The 5 key indicators to optimize your strategy
46% of CFOs now consider payments as a driver of growth and revenue. We are in an era where profitability is closely monitored and where no area is immune to accurate performance analysis. So payment is no exception, it is playing an increasingly central role in business growth.
But how do you judge their performance?
1. Conversion rate: the key indicator
In 2022, the average conversion rate for all e-commerce industries was 2.96%.
The conversion rate, a key indicator, measures the proportion of visitors who complete a purchase. More specifically, it reflects the percentage of transactions completed compared to the number of payment pages displayed.
This number is closely linked to the characteristics of the payment page: does it inspire confidence? Is it easy to use on mobile?

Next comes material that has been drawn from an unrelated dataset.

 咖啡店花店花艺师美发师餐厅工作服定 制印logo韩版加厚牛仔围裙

2. The acceptance rate: maximize your income
Payment acceptance rate is another crucial indicator to keep a close eye on. It measures the proportion of transactions approved. This has a direct impact on your income but also on your image. Indeed, a refused payment experience is not well experienced by the customer. This may result in the permanent loss of this customer.

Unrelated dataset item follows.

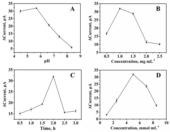 In order to obtain the optimum analytical performance of the immunosensor, this work optimized the pH of the PBS solution (4.5, 5.7, 6.6, 7.4, and 8.3), the concentration of rGO-TEPA (0.5, 1.0, 1.5, 2.0, and 2.5 mg·mL−1), and the incubation time of the NSE antibody and NSE (0.5, 1.0, 1.5, 2.0, 2.5, and 3.0 h). In the process of optimization, the immunosensors were fabricated with 1 ng·mL−1 of NSE. Under acidic conditions, MoS2 owns a fine electrocatalytic activity; however, the NSE and NSE antibody can only maintain excellent stability under near-neutral conditions [31]. In order to obtain the optimal pH value, a PBS buffer solution in the pH range of 4.5 to 8.3 was configured for detecting NSE. The measuring result is shown in Figure 2A, and the optimum amperometric response occurred at pH 5.7. Hence, a PBS buffer solution with pH 5.7 was selected for the subsequent study.

3. Frictionless rate: the balance between security and user experience
This indicator reveals the percentage of transactions that are not subject to the 3DS protocol. As a reminder, 3DS adds an authentication step that can sometimes discourage buyers.
While important for safety, using it consistently can lead to cart abandonment. It is essential to configure your system correctly to optimize authorization rates.
4. Retry rate: minimize sales losses
This indicator is linked to the acceptance rate and refers to the percentage of transactions that were retried after an initial refusal to pay.
Retry is a process completely invisible to the buyer that consists of taking alternative routes to obtain payment acceptance following a failure by the initial path.
Monitoring this rate improves the customer experience.
5. A more accurate analysis of performance: differentiating gross and net rates
This includes distinguishing the gross rate, which takes into account all payment attempts, from the net rate, which only counts the final outcomes.
This distinction allows for a more accurate analysis of performance and the identification of potential payment process problems.